Posted by luxuryasiahome on August 6, 2008

Recent land sales point to cuts, but some disagree

The next revision of property development charge rates is barely a month away. So what can the market expect?

Recently a few 99-year leasehold condo sites at Woodleigh, West Coast and Choa Chu Kang were sold at prices below land values implied by current development charge (DC) rates, and this could provide evidence for a downward revision in DC rates come Sept 1.

But some property market watchers suggest that the government may leave DC rates largely unchanged for most use groups.

Any drastic cut in DC rates at this point may be seen as the government taking a bearish view on the Singapore property market and lead to a further nosedive in sentiment.

DC rates are payable for enhancing a site’s use or for building a bigger project on it. They are revised twice a year – on March 1 and Sept 1 – and are specified according to use groups and location.
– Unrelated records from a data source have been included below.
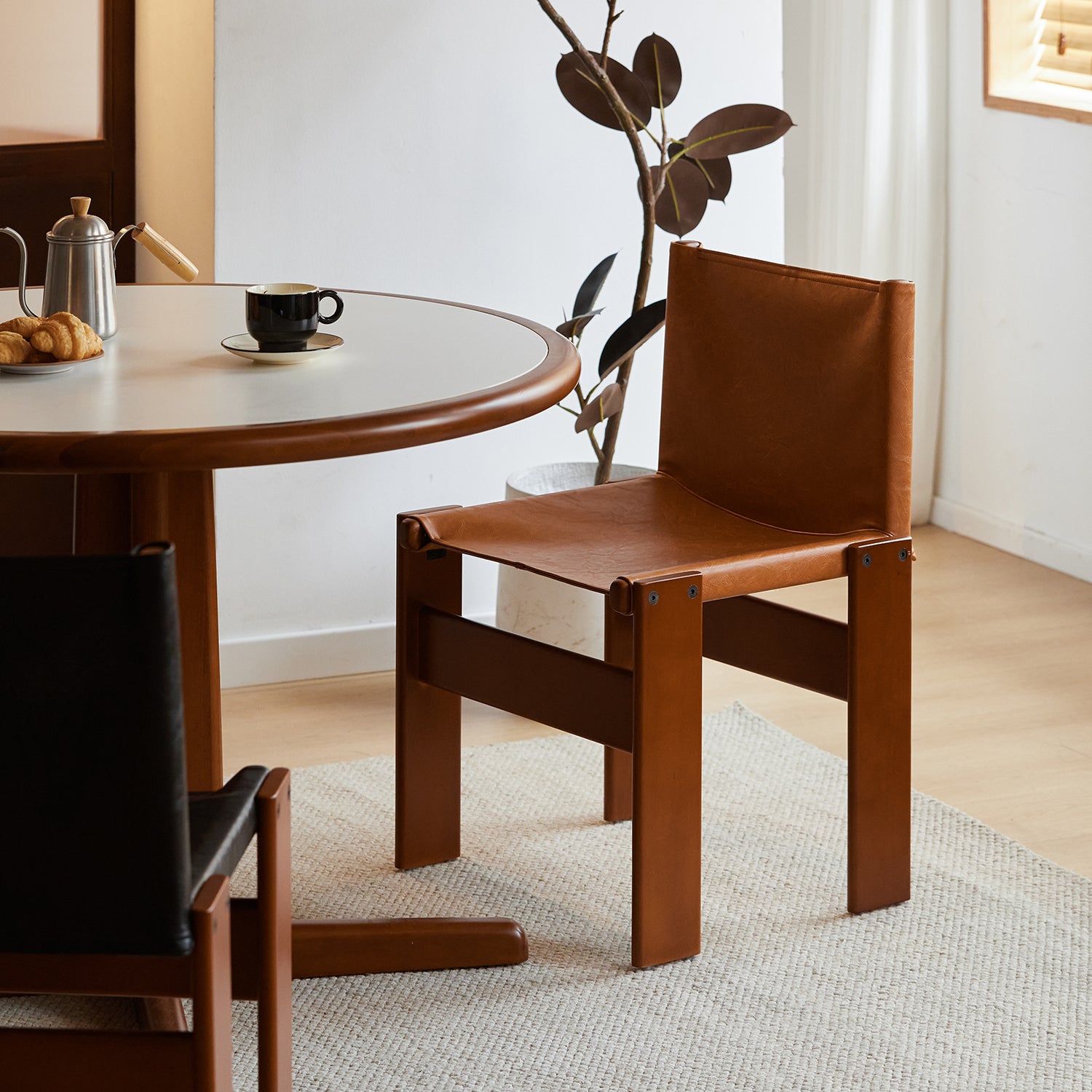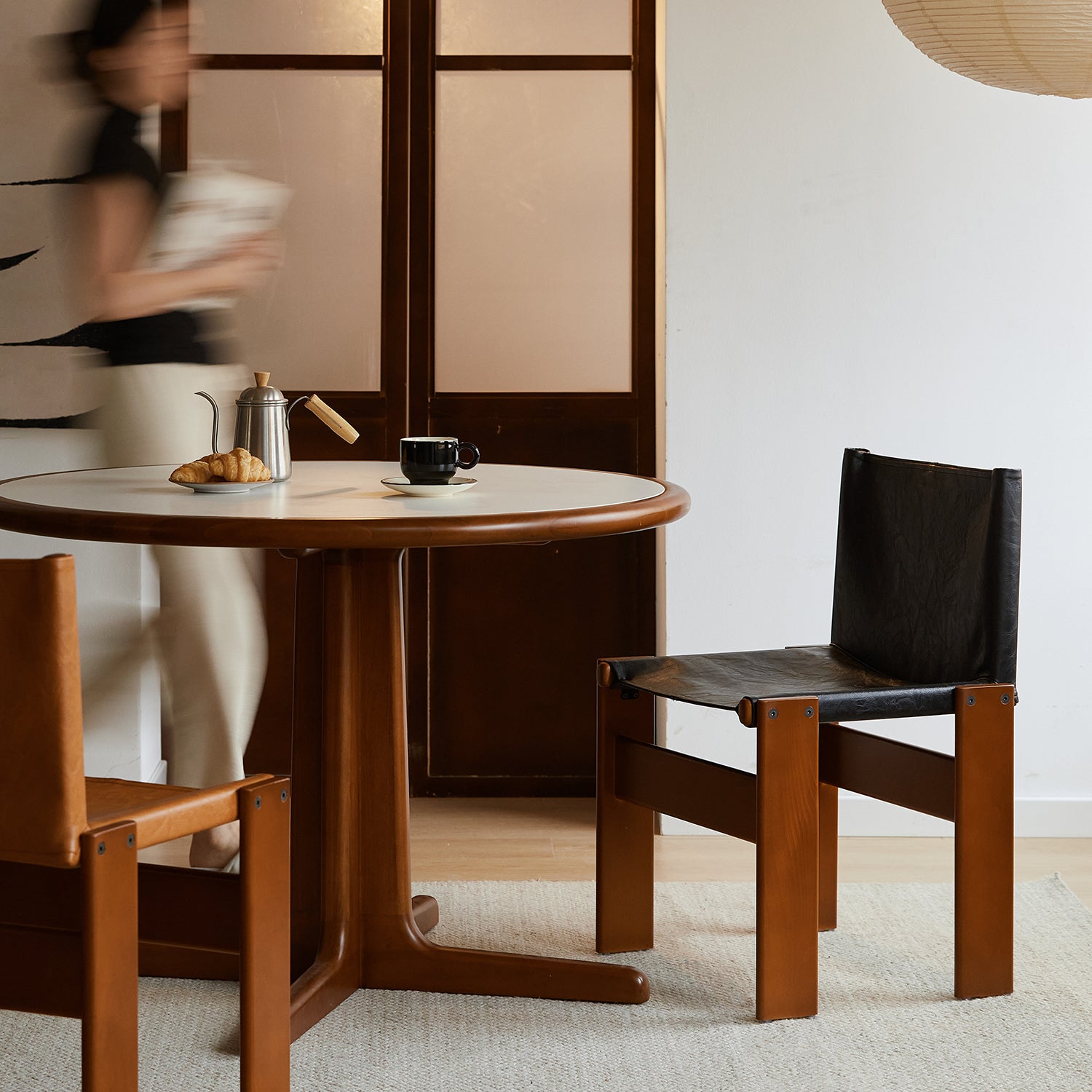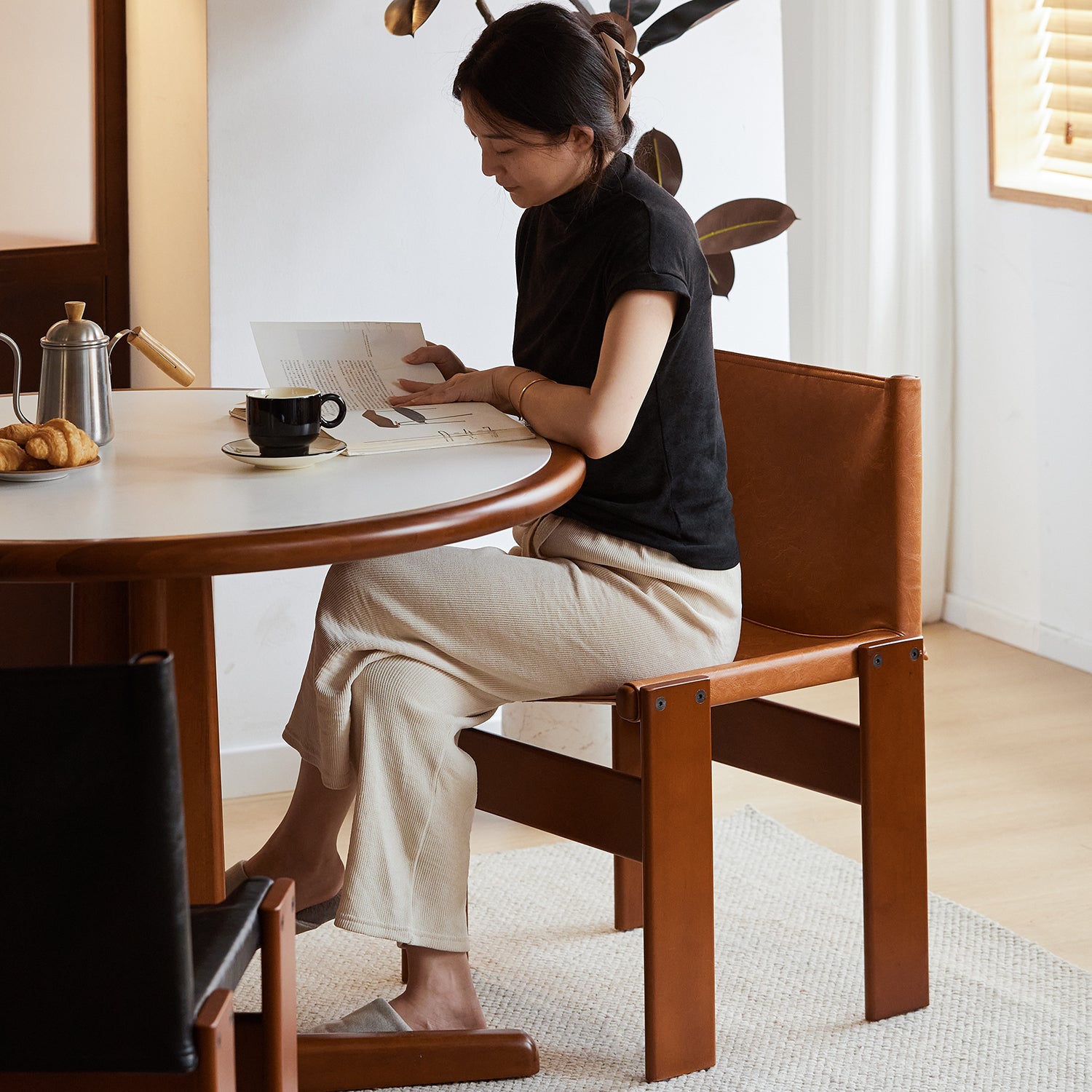 The genuine leather seat with gentle curves provides a comfortable sitting experience while adding timeless sophistication to your dining space. |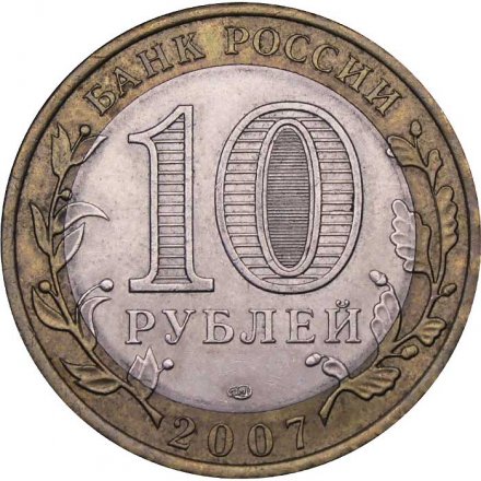 Аверс: сверху вдоль края монеты слова «БАНК РОССИИ», внизу год чеканки «2007», слева ветка оливы, справа дуба, обе ветки частично заходят на центральную вставку. В середине номинал «10» под ним слово «РУБЛЕЙ», внутри цифры «0» попеременно видимые при наклоне монеты надписи «10» и «РУБ». Над годом монограмма монетного двора «ММД».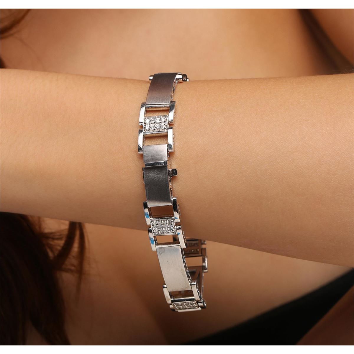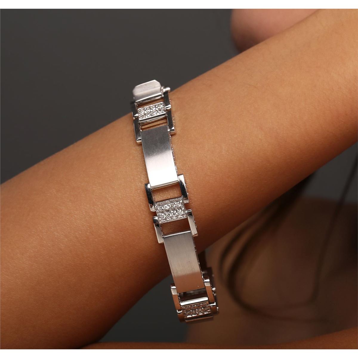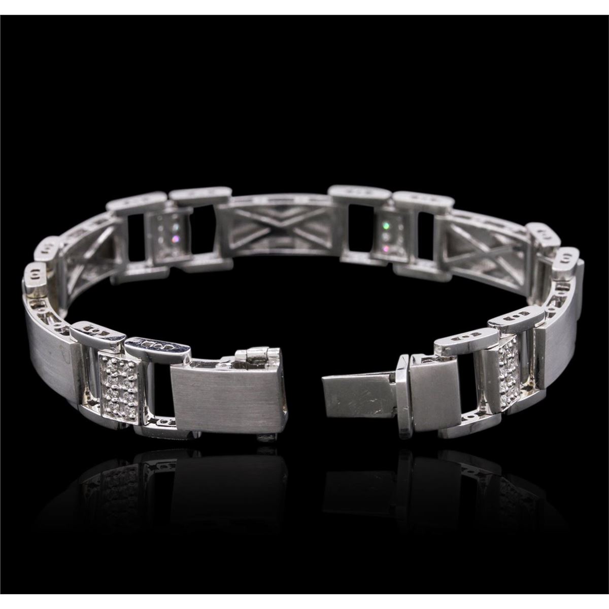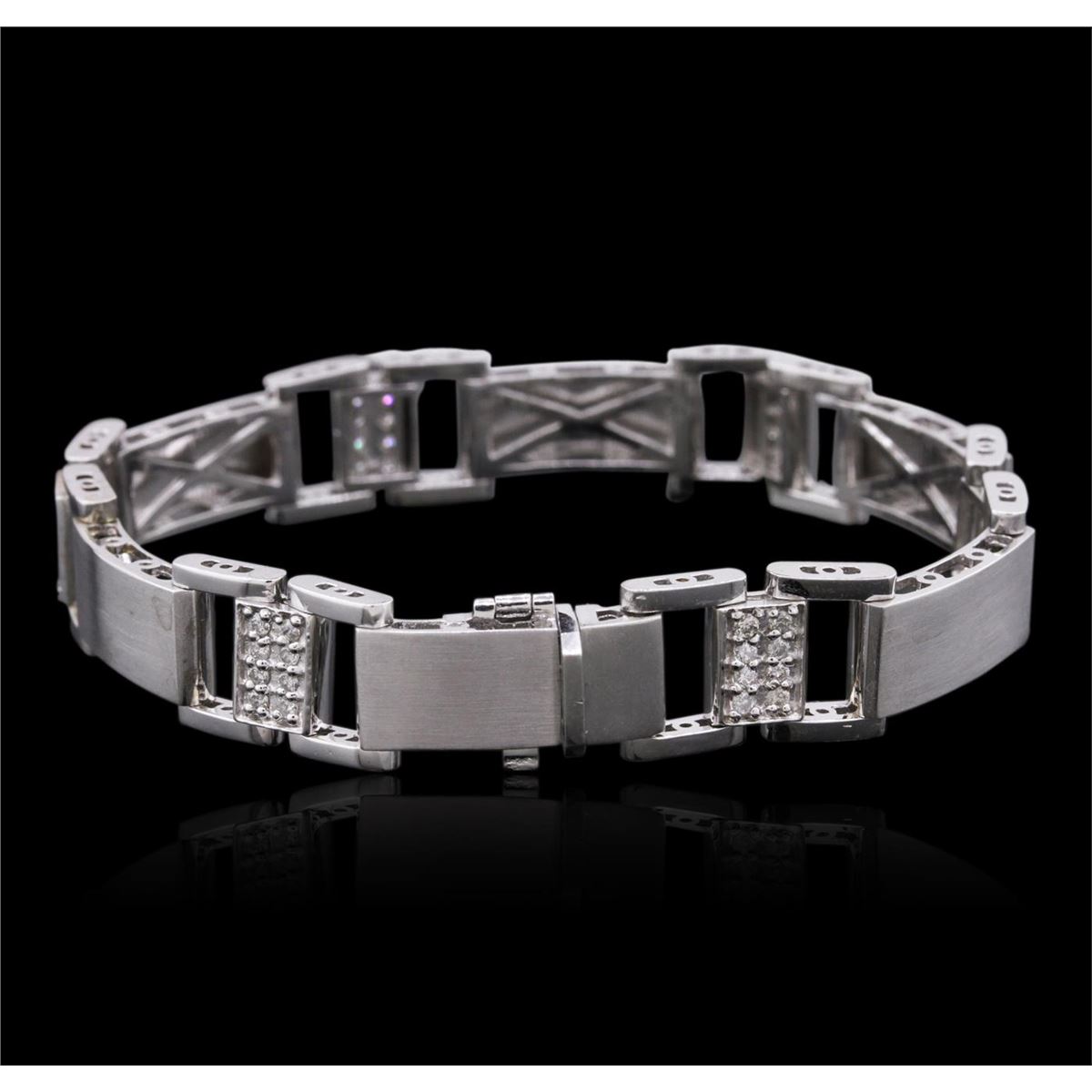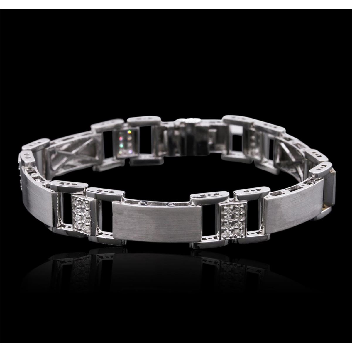 One electronically tested 14KT white gold mens combination cast & assembled diamond bracelet with a foldover clasp with a brushed finish. Measurements: 8.25" in length. Identified with markings of "14K". Condition is new. Containing: Forty-Eight prong set round brilliant cut diamonds, measuring 1.50 - 1.50 x 0.90mm (depth est.) approximate total weight of 48 Stones = 0.59ct. Clarity: SI-1 to I-1. Color: I - J, Cut is Good. All diamonds are graded in the mounting, unless otherwise stated. Total Weight of Diamonds 0.59ct. Total Weight of Bracelet 41.10 grams. GGL Appraised at $12,040.00.

The revisions are made by the National Development Ministry in consultation with the Chief Valuer, who takes into account current market values.

In June, a condo plot at Woodleigh Close was sold at a state land tender for $270 psf per plot ratio. This is 43 per cent below the land value implied by the March 1, 2008, DC rate for non-landed residential use for that location. Two sites at West Coast Crescent and Choa Chu Kang Drive were also sold in March and May at $305 psf ppr and $203 psf ppr, 24 per cent below the respective land value implied by current DC rates.

However, Jones Lang LaSalle’s S-E Asia research head Chua Yang Liang argued that these instances are ‘not statistically significant’ compared to the entire market activity over the past six months and that neither a drop nor rise in DC rates is warranted.

Even in Woodleigh, West Coast and Choa Chu Kang where there is land sales evidence to justify a reduction in DC rates, the cuts are likely to be moderate, ‘possibly not more than 10 per cent as the accompanying message of a downward revision in DC rate is likely to cause a further dive in market confidence’, said Colliers International director of research and advisory Tay Huey Ying.

Agreeing, JLL’s Dr Chua said: ‘This round of DC revision is being watched closely by developers and other property players as it may provide a hint of the state’s view/confidence in the property market over the next nine to 12 months.’

DTZ executive director Ong Choon Fah, too, reckons that ‘where there is compelling evidence, they may trim DC rates. But where the evidence is not strong, they may say it’s an aberration and keep DC rates (unchanged) for six months before the next review’.

Another property consultant takes a different view as to why there may be no rush to reduce DC rates: ‘DC rates are a revenue-generating tool. They tend to go up quickly, but usually tend to come down more slowly.’

The government may also be reluctant to trim DC rates just yet as that may be read as a proxy for its assessment of land values, and could in turn create pressure for the state to accept lower land bids at state tenders in coming months. ‘That’s not too good for the coffers,’ an analyst quipped.

Offering a contrarian view, Knight Frank managing director Tan Tiong Cheng predicts DC rates will fall. ‘Selling prices of private homes have either stagnated or are slowly declining while construction costs are going up, so land values have come down, as seen in recent government land tender results.’

Mr Tan also disagreed with the view that any cut in DC rates would be confined to locations with sales evidence of low land prices. ‘After all, the Chief Valuer does not take into account just land sales but the property market in general,’ he reasoned.

He does not think that any drastic cuts in DC rates will send the wrong signal to the market and further depress sentiment. ‘The Chief Valuer has a duty to keep the public informed of reality,’ he said.

Colliers expects average DC rates to stay unchanged come Sept 1 for landed residential, commercial, industrial and hotel use but to be cut 0.5 to 1.5 per cent for non-landed residential use.

DTZ forecasts that average DC rates will generally remain unchanged except for industrial use, which may see an increase of a few per cent. For non-landed residential use, some areas in the prime districts may see a slight decrease in DC rates on the back of softer home prices in these locations.

JLL, too, expects DC rates for all use groups except industrial to remain flat. ‘A rise in industrial DC rates can be attributed to rising demand for cheaper office alternatives.’

Putting things into perspective, CB Richard Ellis executive director Jeremy Lake said: ‘Previously, DC rates were eagerly watched to gauge the impact on land values especially for collective sale sites with a significant DC component.

‘The collective sales market is so quiet now. There have been no private residential sites sold recently that will have exposure to DC. Most developers that have sites with DC exposure would already have locked in DC rates. And if they haven’t, they’ll find that DC rates probably won’t change much.’